世界初の画期的な装備も用意
装備面ではマークIIはトヨタの重要モデルだけに、至れり尽くせりのトヨタマジックが炸裂。その最たるものが最上級の2800グランデに用意されていたスピークモニターで、半ドア、キーの抜き忘れ、シートベルト未着用、ライト消し忘れ、燃料補給、パーキングブレーキ戻し忘れの6項目を世界初の合成した女性の声で警告する世界初の装備。今のクルマはアレコレうるさいほど喋るが、当時はあまりの凄さに度肝を抜かれた。
あと、2800グランデはオーディオにもこだわっていて、ホームオーディオでも注目されていていた好みの音質に微調整可能なグラフィックイコライザー(グライコ)付きのHi-Fiコンポが用意されていた。
クレスタの引き立て役
新生クレスタを加えたマークII 3兄弟は、伸びやかでスタイリッシュ、トヨタらしいユーザーが喜ぶ装備を満載しながらも、価格は102万~214万5000円と魅力的だった。上級小型車として人気モデルとなったのは言うまでもないが、精悍な顔つきでクレスタが一気に大ブレークしたのに対し本命であるマークIIはクレスタの引き立て役となってしまった。
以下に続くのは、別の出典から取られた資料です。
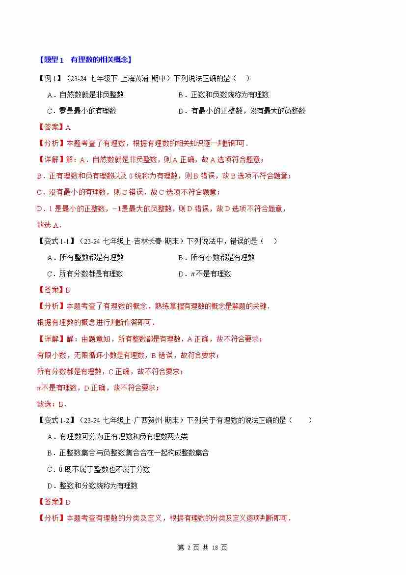 首页 > 全部 > 同步练习 > 专题1.2 有理数和数轴【九大题型】(解析版)

販売店の規模、マークIIというビッグネームゆえの代替えユーザーの多さから一定の販売はマークしていたが、特に若者の間での3兄弟の人気はクレスタ>マークII>チェイサーだった。
2代続けて”オヤジセダン”となってしまえば、マークIIのスポーティなイメージは台無しとなってしまうが、それを救ったのが1982年8月に登場したマイチェンモデルだった。
フルモデルチェンジ並みのマイチェン敢行
1982年8月のマイチェンは内外装の大幅変更、新エンジンの追加など大掛かりなもので、車両型式はX50系からX60系へとなった。マイチェンで車両型式が変わるのは珍しく、フルモデルチェンジに匹敵することを意味している。
エクステリアではスラントノーズ(傾斜した)の精悍なフロントマスクが与えられた。その形状からイーグルマスク(九州ではVマスク)と呼ばれ、マイチェン前の地味なイメージを払拭して若々しくてスポーティに大変貌。内側からイエローフォグ、ハイ/ロービーム、ポジション、ウィンカーの順に並ぶ異形ヘッドライトを採用していた。
さらにシンプルながら質感の高さが強調される新デザインのリアコンビランプに変更。